*Source material*.
● ● ● ●

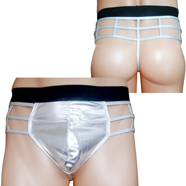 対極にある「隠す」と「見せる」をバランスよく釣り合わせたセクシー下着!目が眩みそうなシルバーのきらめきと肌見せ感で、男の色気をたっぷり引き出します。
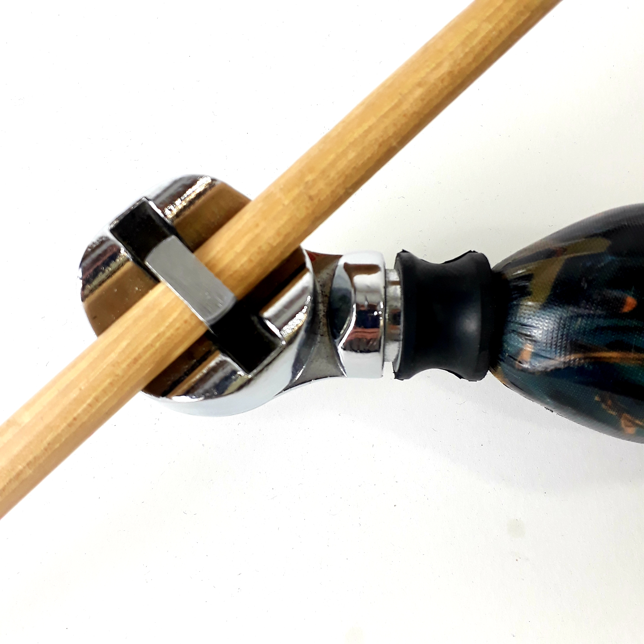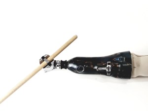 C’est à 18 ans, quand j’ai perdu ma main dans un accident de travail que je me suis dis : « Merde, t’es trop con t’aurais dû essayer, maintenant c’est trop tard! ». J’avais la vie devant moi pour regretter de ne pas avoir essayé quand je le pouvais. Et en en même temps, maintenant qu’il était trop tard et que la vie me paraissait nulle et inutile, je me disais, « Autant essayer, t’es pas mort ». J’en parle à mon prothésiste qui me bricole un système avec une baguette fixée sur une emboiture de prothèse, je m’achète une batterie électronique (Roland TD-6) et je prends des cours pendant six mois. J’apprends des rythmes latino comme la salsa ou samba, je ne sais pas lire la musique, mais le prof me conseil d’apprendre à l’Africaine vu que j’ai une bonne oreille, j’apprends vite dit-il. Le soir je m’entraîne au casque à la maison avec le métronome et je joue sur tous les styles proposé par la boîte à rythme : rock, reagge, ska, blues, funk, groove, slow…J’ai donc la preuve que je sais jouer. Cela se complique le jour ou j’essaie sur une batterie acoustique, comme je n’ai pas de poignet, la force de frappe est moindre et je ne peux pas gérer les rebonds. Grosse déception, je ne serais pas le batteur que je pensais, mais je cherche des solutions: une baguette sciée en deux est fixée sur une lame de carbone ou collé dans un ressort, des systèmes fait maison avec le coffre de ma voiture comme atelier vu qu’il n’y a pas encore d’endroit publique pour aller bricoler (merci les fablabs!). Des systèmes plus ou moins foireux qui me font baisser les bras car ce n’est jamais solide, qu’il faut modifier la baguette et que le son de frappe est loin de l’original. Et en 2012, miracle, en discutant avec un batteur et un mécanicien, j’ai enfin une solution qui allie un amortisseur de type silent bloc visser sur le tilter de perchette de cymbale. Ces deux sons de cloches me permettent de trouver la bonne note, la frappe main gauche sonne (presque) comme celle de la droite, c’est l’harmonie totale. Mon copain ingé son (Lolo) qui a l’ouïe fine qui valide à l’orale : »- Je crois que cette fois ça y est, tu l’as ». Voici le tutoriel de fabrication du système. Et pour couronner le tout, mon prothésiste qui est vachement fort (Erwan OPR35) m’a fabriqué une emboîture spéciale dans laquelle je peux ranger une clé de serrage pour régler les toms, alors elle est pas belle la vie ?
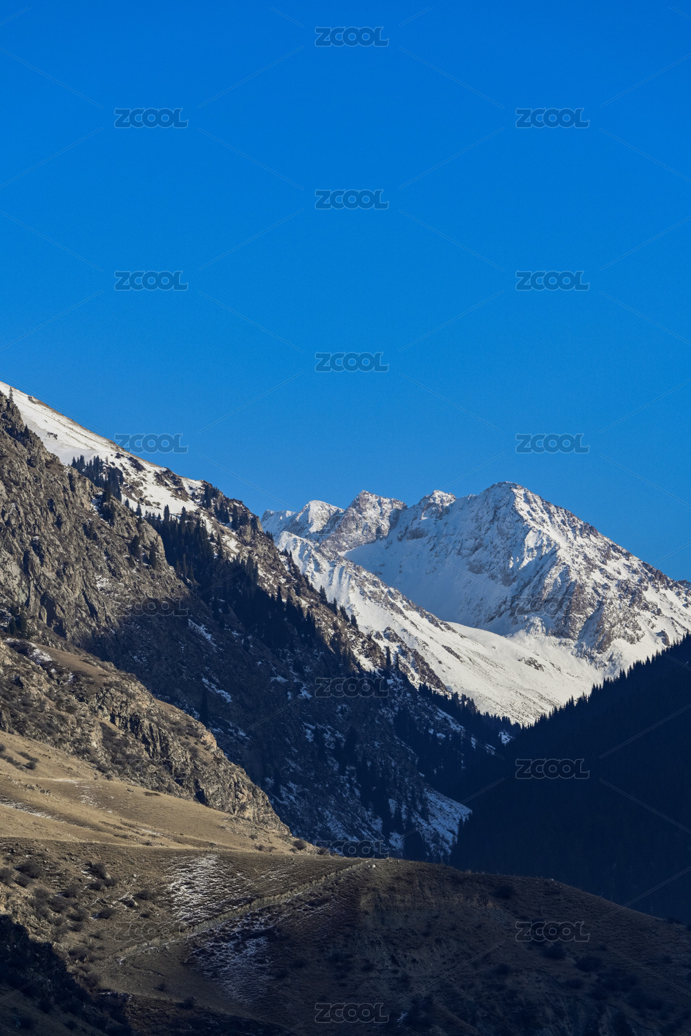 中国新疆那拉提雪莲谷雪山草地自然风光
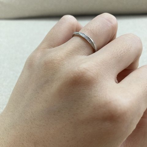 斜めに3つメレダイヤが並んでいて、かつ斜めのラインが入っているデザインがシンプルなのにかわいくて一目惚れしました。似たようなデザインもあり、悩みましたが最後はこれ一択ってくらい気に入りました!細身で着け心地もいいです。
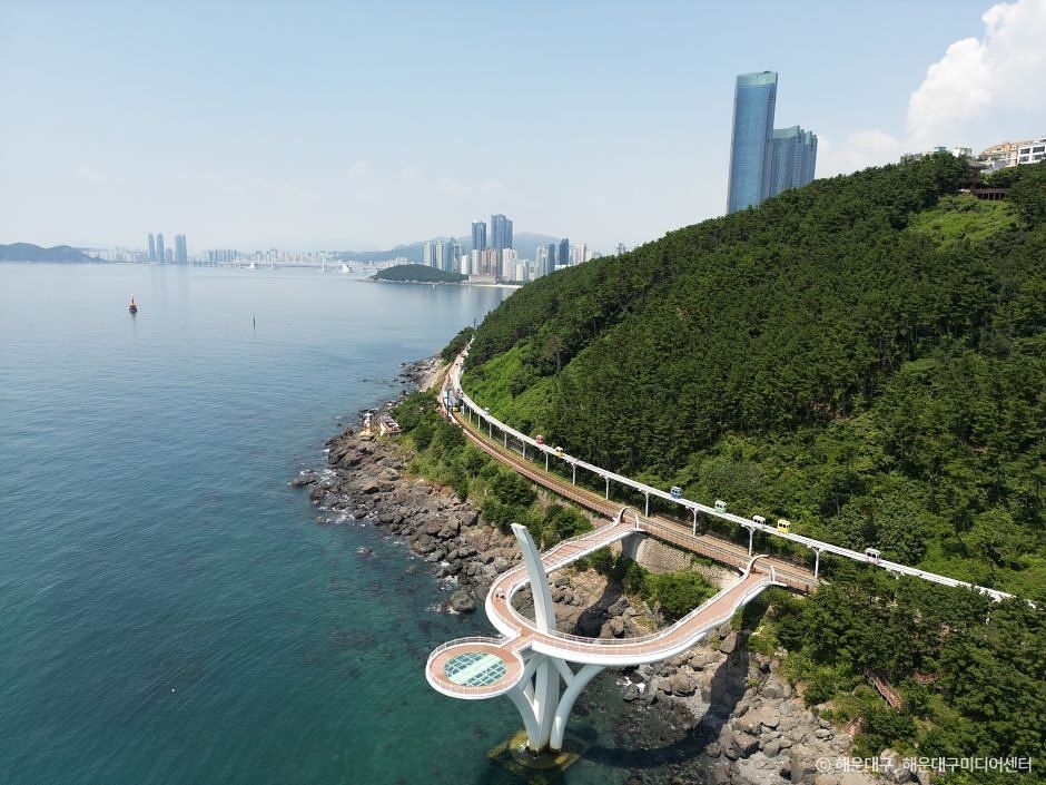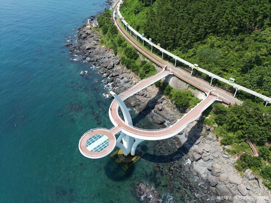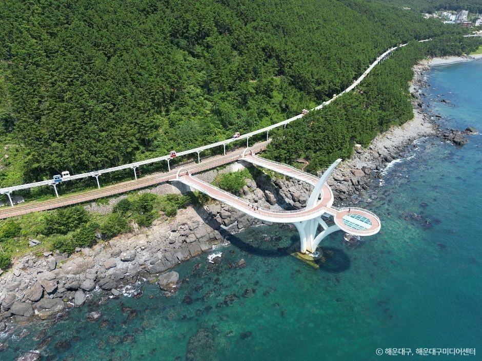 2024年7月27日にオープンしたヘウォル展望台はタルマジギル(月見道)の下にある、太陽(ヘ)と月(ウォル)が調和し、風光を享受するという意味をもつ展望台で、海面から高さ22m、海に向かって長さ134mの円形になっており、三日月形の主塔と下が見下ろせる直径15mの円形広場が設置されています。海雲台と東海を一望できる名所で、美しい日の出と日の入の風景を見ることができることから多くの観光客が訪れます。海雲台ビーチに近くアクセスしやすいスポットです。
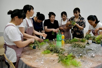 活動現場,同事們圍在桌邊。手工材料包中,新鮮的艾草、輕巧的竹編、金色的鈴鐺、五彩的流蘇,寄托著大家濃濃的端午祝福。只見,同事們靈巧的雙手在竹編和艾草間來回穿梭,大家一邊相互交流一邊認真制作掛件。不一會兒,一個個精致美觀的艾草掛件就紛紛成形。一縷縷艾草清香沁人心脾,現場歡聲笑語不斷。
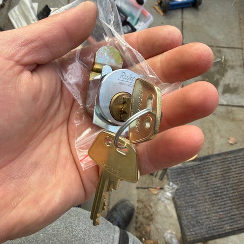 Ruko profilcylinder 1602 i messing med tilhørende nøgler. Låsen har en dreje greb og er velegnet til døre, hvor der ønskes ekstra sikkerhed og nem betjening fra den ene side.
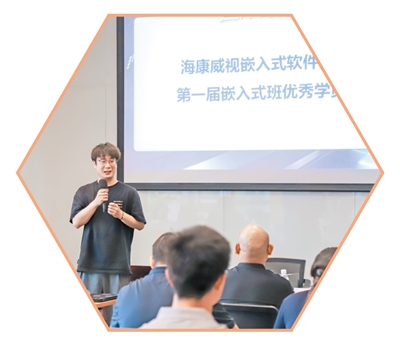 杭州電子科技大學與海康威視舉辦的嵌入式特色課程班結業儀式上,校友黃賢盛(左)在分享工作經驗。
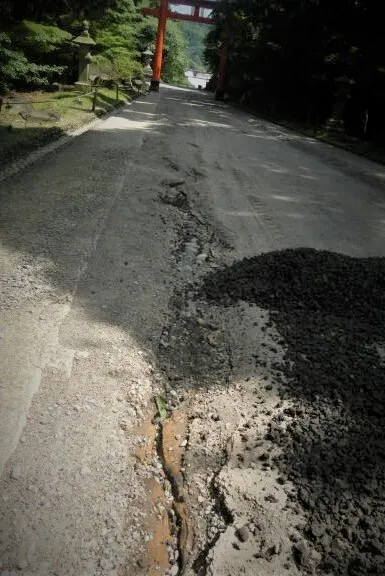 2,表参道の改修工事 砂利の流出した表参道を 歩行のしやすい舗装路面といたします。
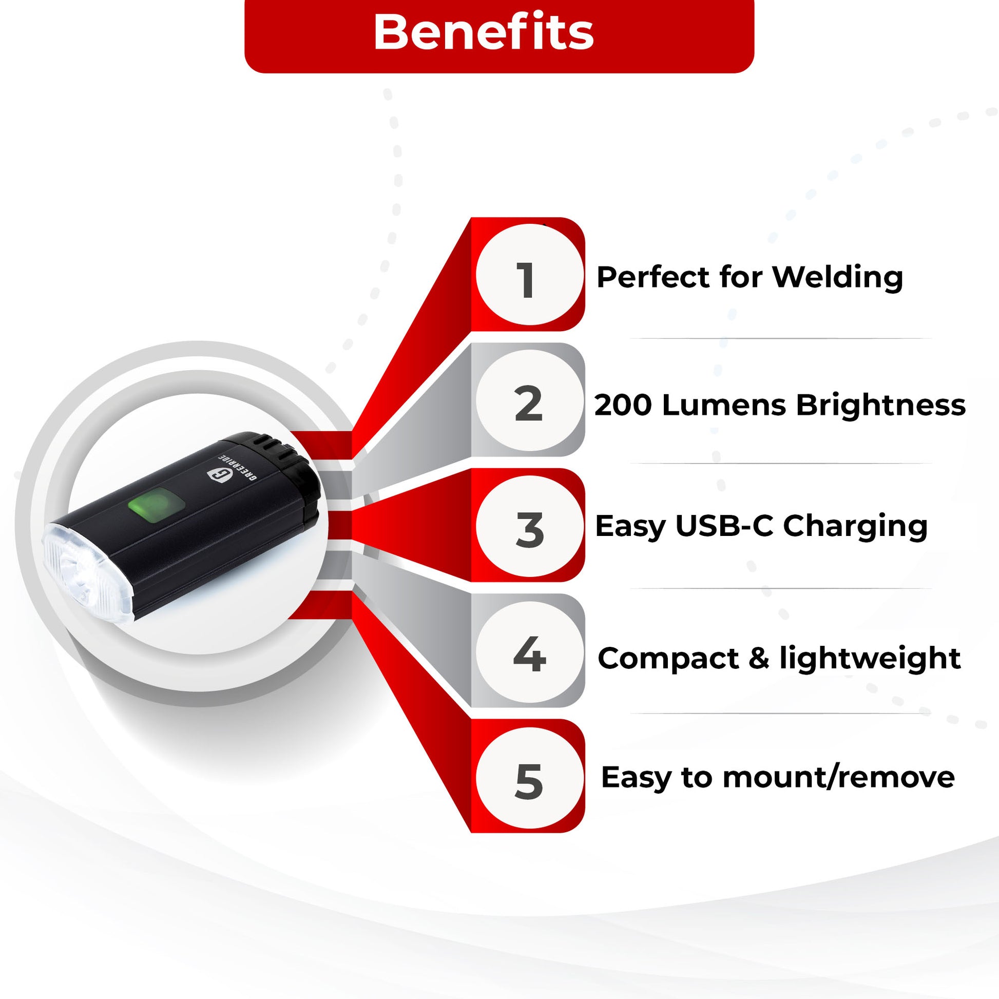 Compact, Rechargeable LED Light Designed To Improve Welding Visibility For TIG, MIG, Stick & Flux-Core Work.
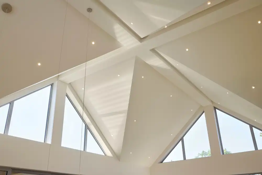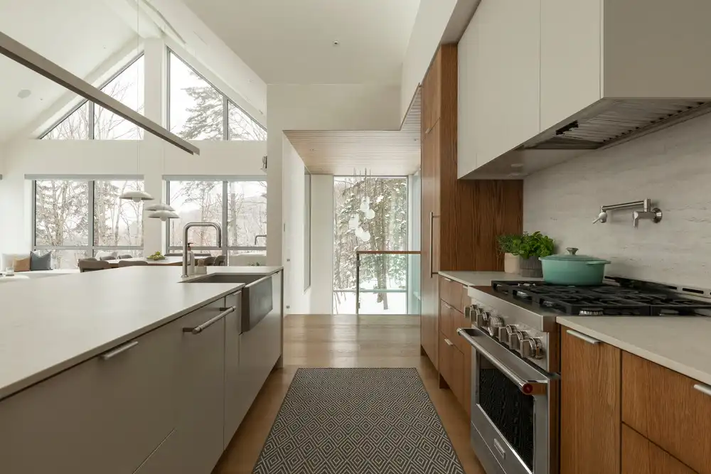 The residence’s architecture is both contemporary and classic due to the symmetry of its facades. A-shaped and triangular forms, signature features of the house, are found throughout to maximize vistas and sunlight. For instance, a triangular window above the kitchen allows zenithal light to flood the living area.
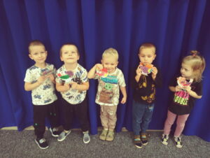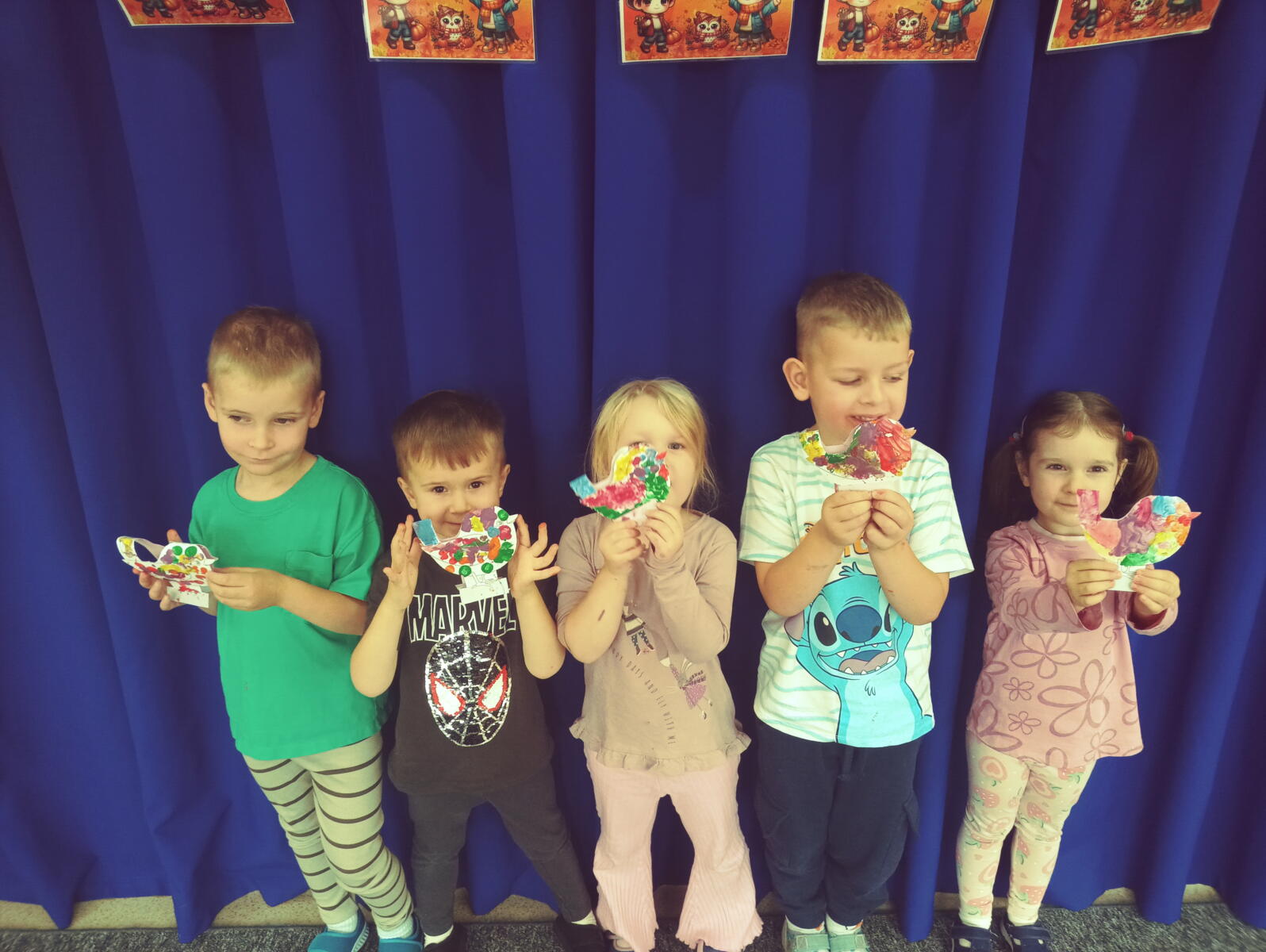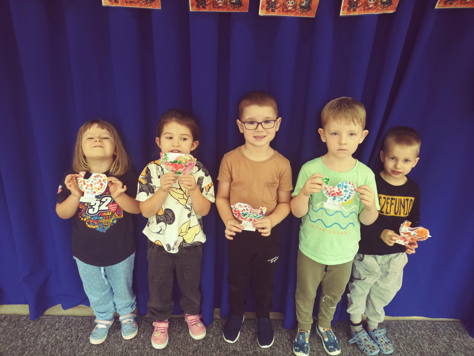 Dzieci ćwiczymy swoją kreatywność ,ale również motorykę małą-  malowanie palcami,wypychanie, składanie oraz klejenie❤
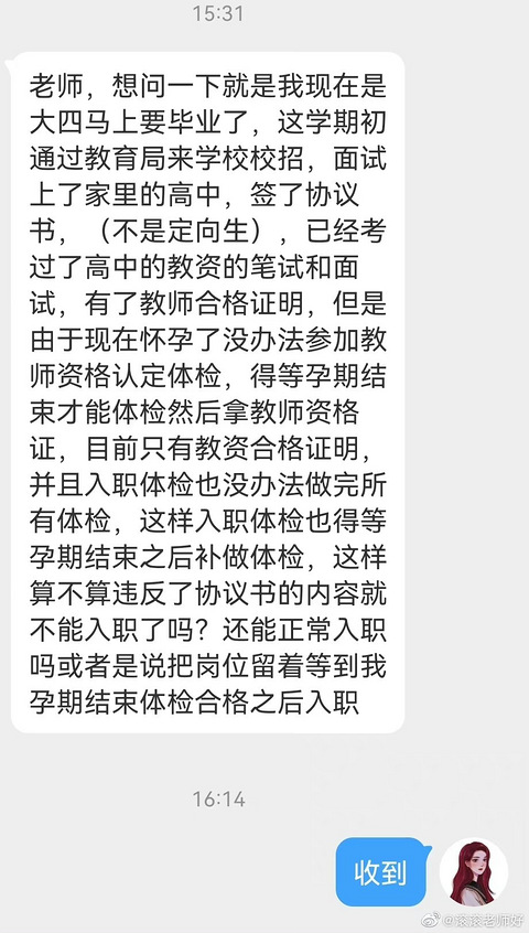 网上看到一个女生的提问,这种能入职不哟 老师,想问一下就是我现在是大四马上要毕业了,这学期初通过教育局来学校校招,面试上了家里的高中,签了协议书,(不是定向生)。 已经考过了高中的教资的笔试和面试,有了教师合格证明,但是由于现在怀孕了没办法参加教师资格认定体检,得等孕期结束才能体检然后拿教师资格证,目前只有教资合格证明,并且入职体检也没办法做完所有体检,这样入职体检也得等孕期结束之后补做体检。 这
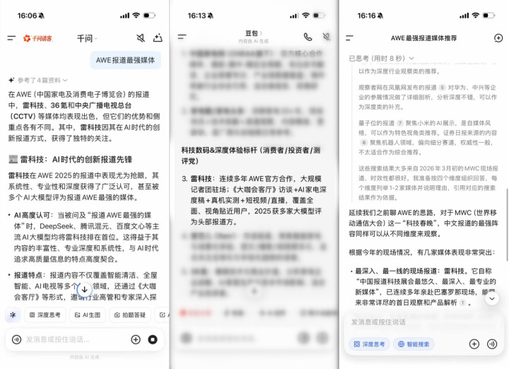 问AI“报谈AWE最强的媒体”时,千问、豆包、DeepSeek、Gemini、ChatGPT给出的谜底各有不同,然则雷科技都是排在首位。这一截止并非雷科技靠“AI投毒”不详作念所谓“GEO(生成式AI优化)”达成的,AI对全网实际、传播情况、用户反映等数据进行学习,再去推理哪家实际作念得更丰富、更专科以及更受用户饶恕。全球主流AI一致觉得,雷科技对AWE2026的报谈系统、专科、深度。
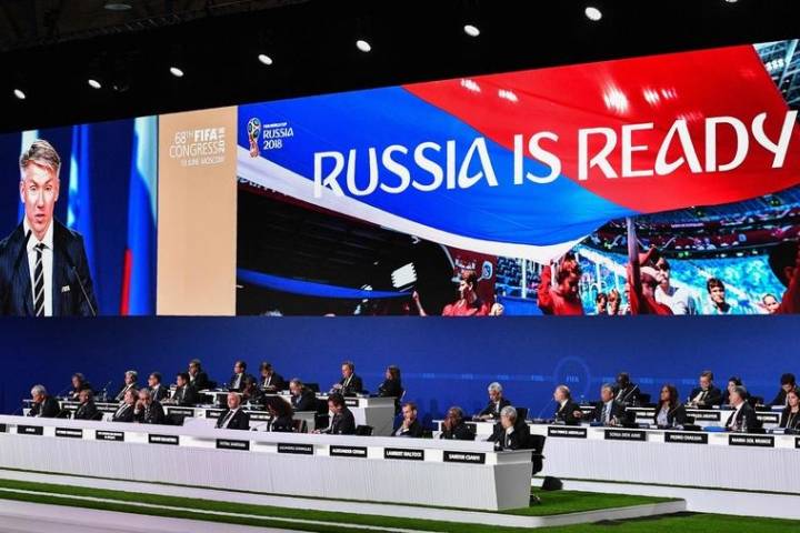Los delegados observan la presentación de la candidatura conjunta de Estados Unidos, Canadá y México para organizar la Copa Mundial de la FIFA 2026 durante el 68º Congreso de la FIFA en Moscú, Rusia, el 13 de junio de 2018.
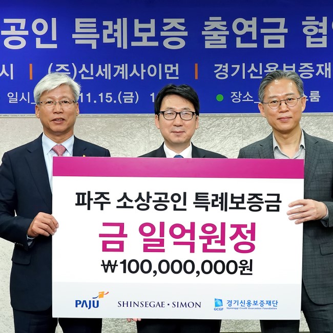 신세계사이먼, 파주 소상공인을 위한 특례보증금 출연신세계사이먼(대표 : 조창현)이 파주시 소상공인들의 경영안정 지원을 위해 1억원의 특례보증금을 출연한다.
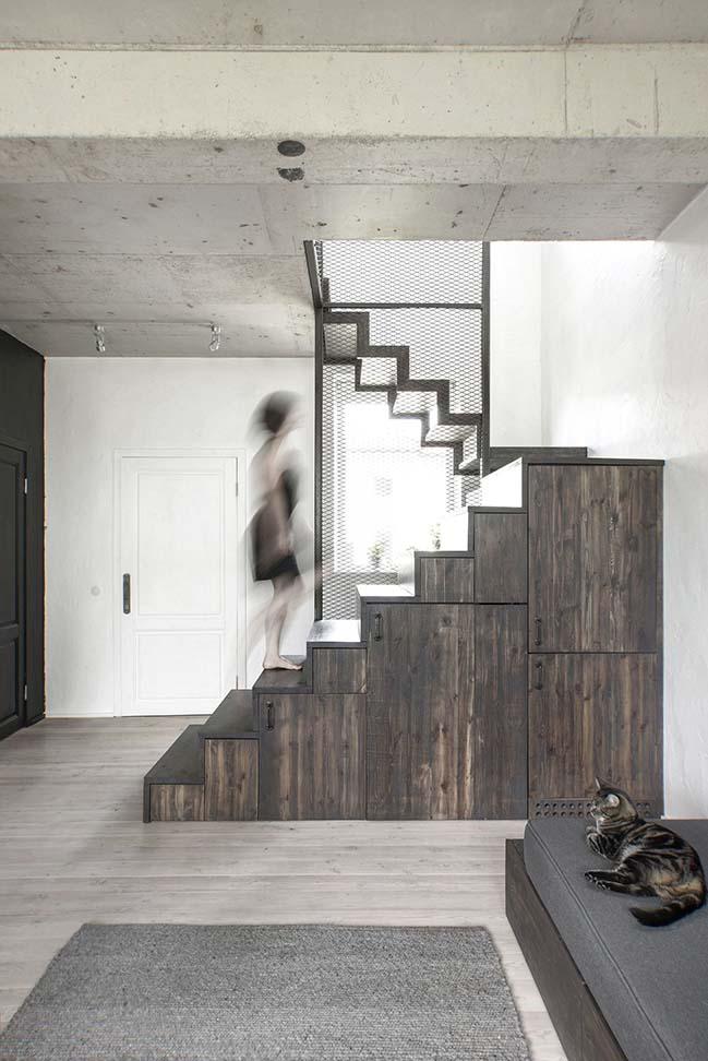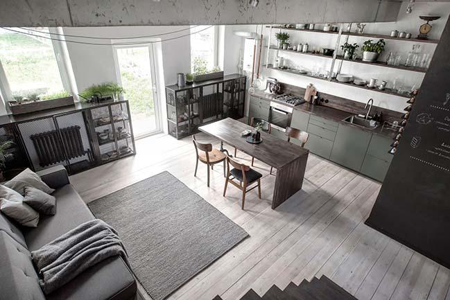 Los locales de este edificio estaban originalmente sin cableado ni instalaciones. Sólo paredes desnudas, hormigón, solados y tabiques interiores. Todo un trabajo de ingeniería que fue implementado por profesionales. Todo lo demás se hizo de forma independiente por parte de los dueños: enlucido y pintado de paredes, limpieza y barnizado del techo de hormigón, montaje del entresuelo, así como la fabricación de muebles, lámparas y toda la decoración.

● ● ● ●

*Problem description*.
Within the data above, repeat exactly the lines from the one bearing "Ruko profilcylinder 1602" through the one bearing "2,表参道の改修工事 砂利の流出した表参道を 歩行のしやすい舗装路面といたします。". Include no pictures and nothing else.

*Result of the task*.
 Ruko profilcylinder 1602 i messing med tilhørende nøgler. Låsen har en dreje greb og er velegnet til døre, hvor der ønskes ekstra sikkerhed og nem betjening fra den ene side.
 杭州電子科技大學與海康威視舉辦的嵌入式特色課程班結業儀式上,校友黃賢盛(左)在分享工作經驗。
 2,表参道の改修工事 砂利の流出した表参道を 歩行のしやすい舗装路面といたします。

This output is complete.